**Exercise instructions:**
Repeat the following data exactly, omitting pictures.

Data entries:
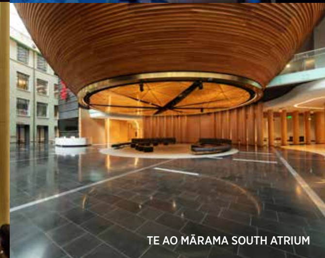
TE AO MĀRAMA SOUTH ATRIUM
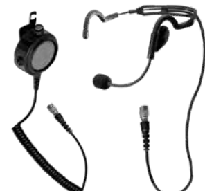
XIPB In-line PTT suits all X10DR audio accessories WPHFH-X10 Headset Industrial lightweight
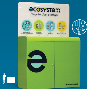
METALLIC CONTAINER FOR LARGE RETAILERS

RECYCLING STATION EXAMPLES We are a complete service provider, offering expert advice and know-how in all environmental and safety domains.
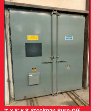
7' x 8' x 8' Steelman Burn-Off Oven
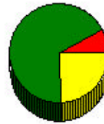
Education - Current Enrollment
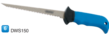
6 DWS150 150mm SOFT GRIP HANDPOINT PLASTERBOARD SAW

Designed for cutting plasterboard, chipboard or hardboard. Double bevel hardened teeth and soft grip handle for user comfort. Display packed.
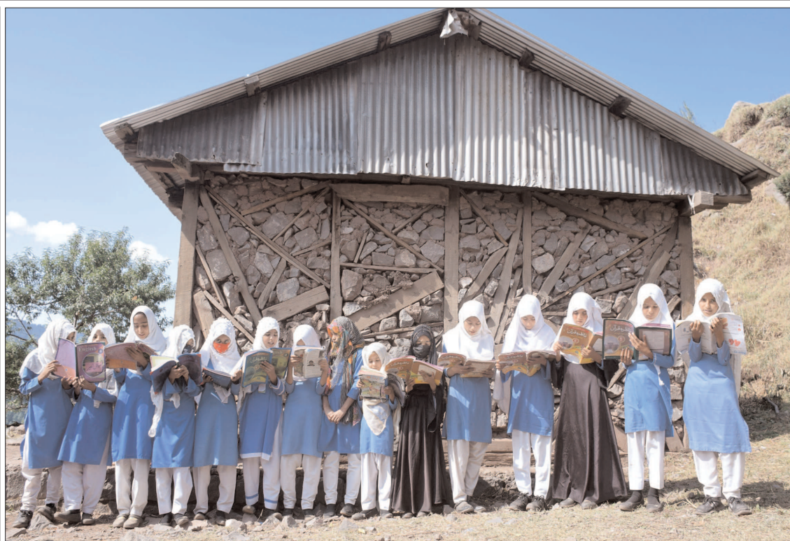
MUZAFFARABAD: Students busy in study under open air Government High School at Bani Langrial village.

Actions have not been taken by police to recover stolen goods while more thefts are continuing in the village Saindad Mugheri due to the continuous laziness of the police, but the police are busy protesting their carelessness. Traffic was flown by giving assurances of the SHO Police station Pakho and dispersing the sit-in.
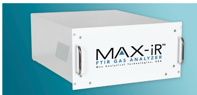
MAX-iR FTIR gas analyzer.

A deuterated triglycine sulfate (DTGS) detector comes standard with the MAX-iR analyzer. With the optional StarBoost technology, users can choose between indium arsenide (InAs) or mercury-cadmium-telluride (MCT) detectors. All systems come standard with Thermo Scientific™ MAX-Acquisition™ Automation Software and MAX-Analytics™ Software that provide industry-leading analytics, factory integration tools, high speed identification of compounds, and measurement accuracy/stability without the need for calibration.
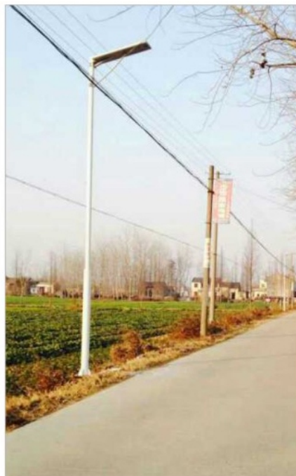
New country side, Hubei, China
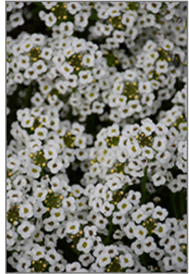
Stream White Sweet Alyssum flowers

Stream White Sweet Alyssum is recommended for the following landscape applications;
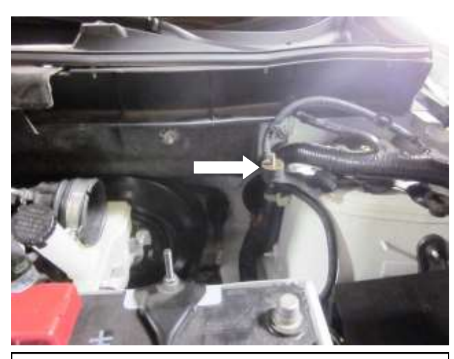
b. Install one of the provided rubber mounted stud in the bracket where you removed the M6 bolt in step "C" and tighten.
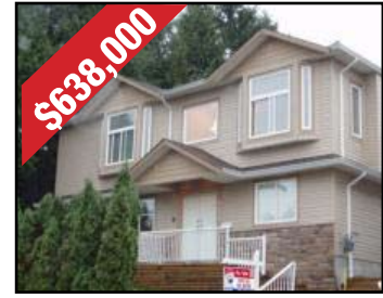
7639 CARIBOO ROAD

**Reply to the task:**
TE AO MĀRAMA SOUTH ATRIUM
XIPB In-line PTT suits all X10DR audio accessories WPHFH-X10 Headset Industrial lightweight
METALLIC CONTAINER FOR LARGE RETAILERS

RECYCLING STATION EXAMPLES We are a complete service provider, offering expert advice and know-how in all environmental and safety domains.
7' x 8' x 8' Steelman Burn-Off Oven
Education - Current Enrollment
6 DWS150 150mm SOFT GRIP HANDPOINT PLASTERBOARD SAW

Designed for cutting plasterboard, chipboard or hardboard. Double bevel hardened teeth and soft grip handle for user comfort. Display packed.
MUZAFFARABAD: Students busy in study under open air Government High School at Bani Langrial village.

Actions have not been taken by police to recover stolen goods while more thefts are continuing in the village Saindad Mugheri due to the continuous laziness of the police, but the police are busy protesting their carelessness. Traffic was flown by giving assurances of the SHO Police station Pakho and dispersing the sit-in.
MAX-iR FTIR gas analyzer.

A deuterated triglycine sulfate (DTGS) detector comes standard with the MAX-iR analyzer. With the optional StarBoost technology, users can choose between indium arsenide (InAs) or mercury-cadmium-telluride (MCT) detectors. All systems come standard with Thermo Scientific™ MAX-Acquisition™ Automation Software and MAX-Analytics™ Software that provide industry-leading analytics, factory integration tools, high speed identification of compounds, and measurement accuracy/stability without the need for calibration.
New country side, Hubei, China
Stream White Sweet Alyssum flowers

Stream White Sweet Alyssum is recommended for the following landscape applications;
b. Install one of the provided rubber mounted stud in the bracket where you removed the M6 bolt in step "C" and tighten.
7639 CARIBOO ROAD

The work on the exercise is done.